As can be seen from the results, the quadratic model fits the given data quite well. Higher degree models get miniature $\theta$ for higher indexes and produce similar results to it. So we can confidentally suppose that the given data can be described (may not fully) by ``x1``'s quadratic model. 

In [9]:
## Question 4:
## Run a simple linear regression model to predict y from X. 
## Report the linear model you found. 
## Predict the value of y for a new X values of (1, 1, 1), (1, 0, 4), and (3, 2, 1) respectively.

model = LinearRegression(fit_intercept=True, normalize=False) 
model.fit(X, y)
print(model.coef_, model.intercept_)

for i in range(70,100):
    X_new = np.array([[1,1,1], [1,0,4], [3,2,1]]) 

model.predict(X_new)

(array([-2.00371927,  0.53256334, -0.26560187]), 5.31416717245698)


array([3.57740937, 2.24804044, 0.10253417])

### Question4 Quick Report:
If the corresponding hypothetical model is:
$$ h_{\theta}(\boldsymbol{x}) = \theta^{T}\boldsymbol{x} $$

and we have ``n`` observations $(\boldsymbol{x_1},y_1), ..., (\boldsymbol{x_n},y_n)$

Then the analytical solution of $\theta$'s is:
$$ \theta^{*} = (X^{T}X)^{-1}X^{T}\boldsymbol{y}$$

where $X$ is a $ 4 * n $ matrix constructed as follows:

$$
X = 
\begin{bmatrix}
-x_1^{T}-\\
-x_2^{T}-\\
-x_3^{T}-\\
-\mathbb{1}^{T}-\\
\end{bmatrix}
$$

By using linear regression model in ``sklearn``, we get:
$$\theta = [-2.0037, 0.5326, -0.2656, 5.3142]$$

Using this model, we can predict that ``y`` will be ``3.5774``, ``2.2480``and ``0.1025`` respectively with the given points.

In [10]:
## Question 5:
## Use cross-validation to predict generalization error, 
## while the error of a single data point (X, y) from a model M is defined as (M(X)−y)^2. 
## Describe how you did this.

model = LinearRegression(fit_intercept=True, normalize=False) 
model.fit(X[:70], y[:70])
print(model.coef_, model.intercept_)

X_new = np.array([])
for i in range(70,100):
    X_new = np.append(X_new,[x1[i],x2[i],x3[i]])

X_new = X_new.reshape(30,3)
y_pred = model.predict(X_new)

gen_error = 0
for i in range(30):
    gen_error += (y_pred[i] - y[i+70])**2

gen_error = gen_error/30
print(gen_error)

(array([-0.78645836,  0.48430326, -0.30035386]), 4.106935599602342)
14.553030639713255


### Question5 Quick Report:
Split the dataset into training set and validation set by proportion 7:3. Implement the same method to the training set and we get:

$$\theta = [-0.7865,  0.4843, -0.3004, 4.1069]$$

A salient difference to the model we obtain from Question 1 mainly in ``x1`` and the intercept.

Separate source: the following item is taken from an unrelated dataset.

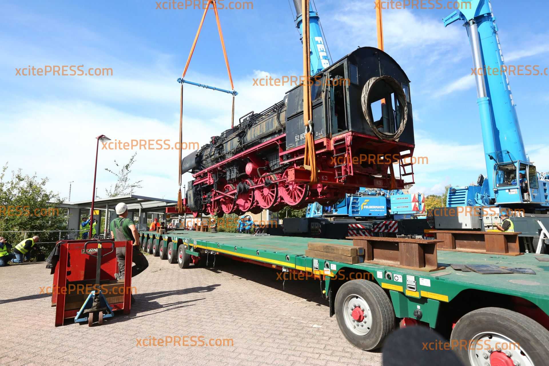 Abtransport des tonnenschweren Kollosses mit schwerer Technik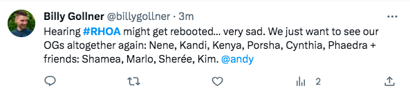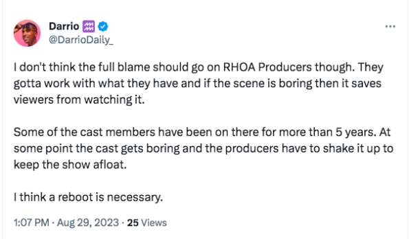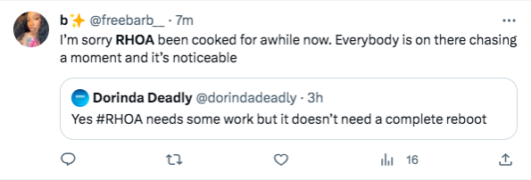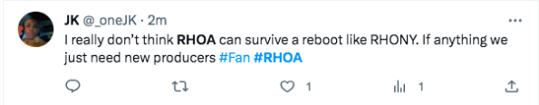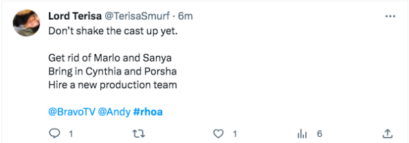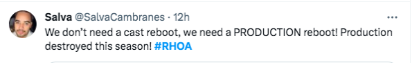 “We don’t need a cast reboot, we need a PRODUCTION reboot! Production destroyed this season! #RHOA”

Using this model, we can predict the validation set and calculate generalization error as follows:

$$I_S[h_{\theta}] = \frac{1}{n}\sum_{i=1}^{30}(h_{\theta}(x_{i})-y_i)^2, (x_{i},y_i)\in V$$

where $V$ is the validation set, then we get

$$I_S[h_{\theta}] = 14.5530$$

Quite large number, which indicates that underfitting happens in the previous model, i.e. a linear model of is not enough to fit this dataset, maybe partially due to the nonlinearity with respect to ``x1``.